It's easier when I have 10 simple problems as a part of one larger initiative/project. Think like "we had these 10 minor bugs/tweaks we wanted to make after a demo review". I can keep that straight. A bunch of agents working in parallel makes me notably faster there though actually reviewing all the output is still the bottleneck.
It's basically impossible when I'm working on multiple separate tasks that each require a lot of mental context. Two separate projects/products my team owns, two really hard technical problems, etc. This has been true before and after AI - big mental context switches are really expensive and people can't multitask despite how good we are at convincing ourselves we can.
I expect a lot of folks experience here depends heavily on how much of their work is the former vs the later. I also expect that there's a lot of feeling busy while not actually moving much faster.
Hey don’t say that too loudly, you’ll spook people.
With less snark, this is absolutely true for a lot of the use I’m seeing. It’s notably faster if you’re doing greenfield from scratch work though.
Also, I have noticed, strangely, that Claude is noticeably less compliant than GPT. If you ask a question, it will answer and then try to immediately make changes (which may not be related). If you say something isn't working, it will challenge you and it was tested (it wasn't).

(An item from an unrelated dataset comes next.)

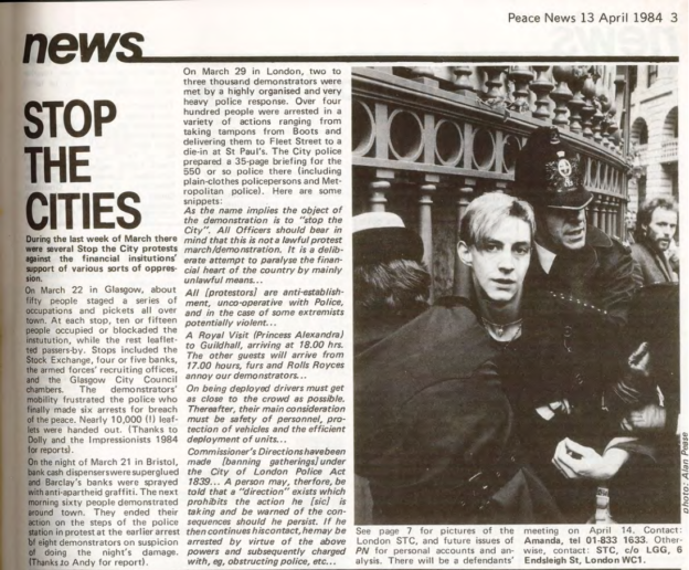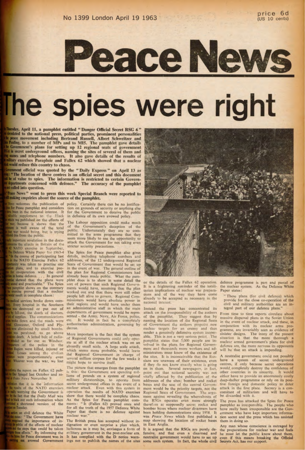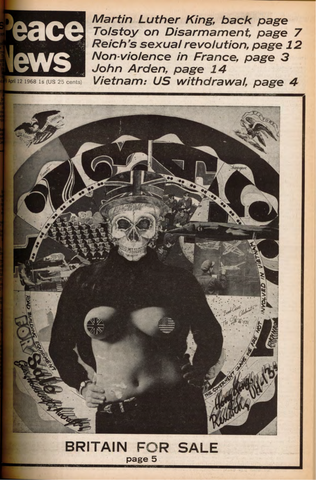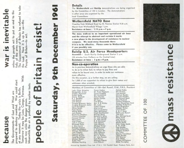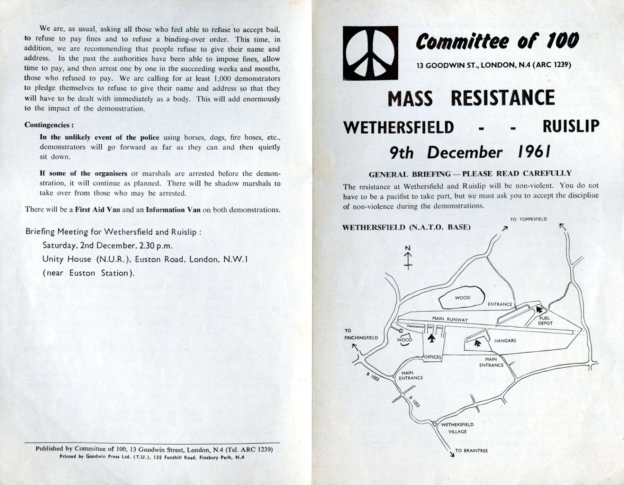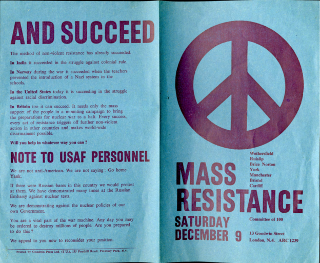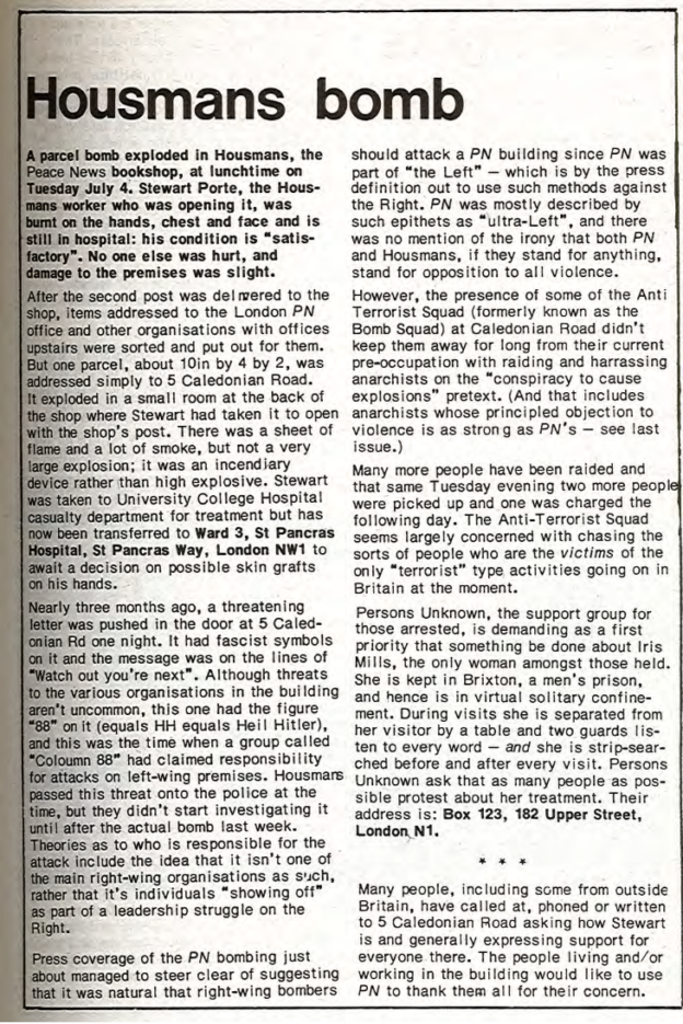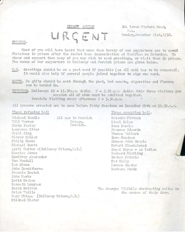 And then I think it was Pat said, ‘Well, why don’t we go to Housmans, you know, to Peace News?’ Oh. Off we went to Housmans, who of course were delighted to see us all. And we went up the back stairs, the, the entrance that’s, not the front door of the shop but another entrance. And we walked all the way up to the top, the very top floor. I think it’s a, a three-storey building isn’t it? But anyhow, the very top. And there was a big room there that was sort of, fairly empty. And we thought, right, what are going to do now? But she still hadn’t been arrested. So we thought, I know what we’ll do. We’ll ring the Daily Telegraph. So we rang the Daily Telegraph, and said there’s a fugitive at Housmans Bookshop, 5 Caledonian Road. And so, eventually, up turns the Daily Telegraph, and had a talk to us, and, took photographs, and there was a, there was a photograph of us all on Sunday’s, on the front page of Sunday’s Telegraph that week. And, in no time the police turned up. I think the Telegraph must have rung, rung them. And, so they… So there was various officers, about, five or six officers turned up. And… So we started sort of, chanting and making speeches. And they tried, obviously they tried to get Pat, who sat on the floor, or lay on the floor, and what we did was, to hold on to her, hold on to a leg, hold on to an arm. Just held on to her, several of us. And so, so the police were sort of, dragging us off her. And the moment that they dragged one of us off, another person stepped up and got hold of her. And so we had this tussle for quite a, quite a long time. I mean we knew we weren’t going to win; we were making a point, we were making a demonstration. And, so, eventually, they managed to get her. Of course, she wouldn’t, she refused to walk down, so they had to, had to carry her down all flights, three flights of stairs, which was quite [laughs] amusing. And, so, we went out into the street, and I said, and other people said, you know, ‘Right, now, disperse instantly.’ So we did. Because obviously that’s the point when the police then start coming to make trouble and trying to arrest, arrest the demonstrators.

For a company that is seems to focus so much on ethics, they have produced an LLM that displays a clear disregard for users (perhaps that isn't a surprise). Either way, it is a very bad model for "agent swarm" style coding. I have been through this extensively but it will write bad code that doesn't work in a subtle way, it will tell that it works and that the issues relate to the way you are using the program, and then it will do the same thing five minutes later.
The tooling in this area is very good. The problem is that the AI cannot be trusted to write complex code. Imo, the future is something like Cerbaras Code that offers a speed up for single-threaded work. In most cases, I am just being lazy...I know what I want to write, I don't need the AI to do it, and I am seeing that I am faster if I just single-thread it.
Only counterpoint to this is that swarms are good for long-running admin, housekeeping, etc. Nowhere near what has been promised but not terrible.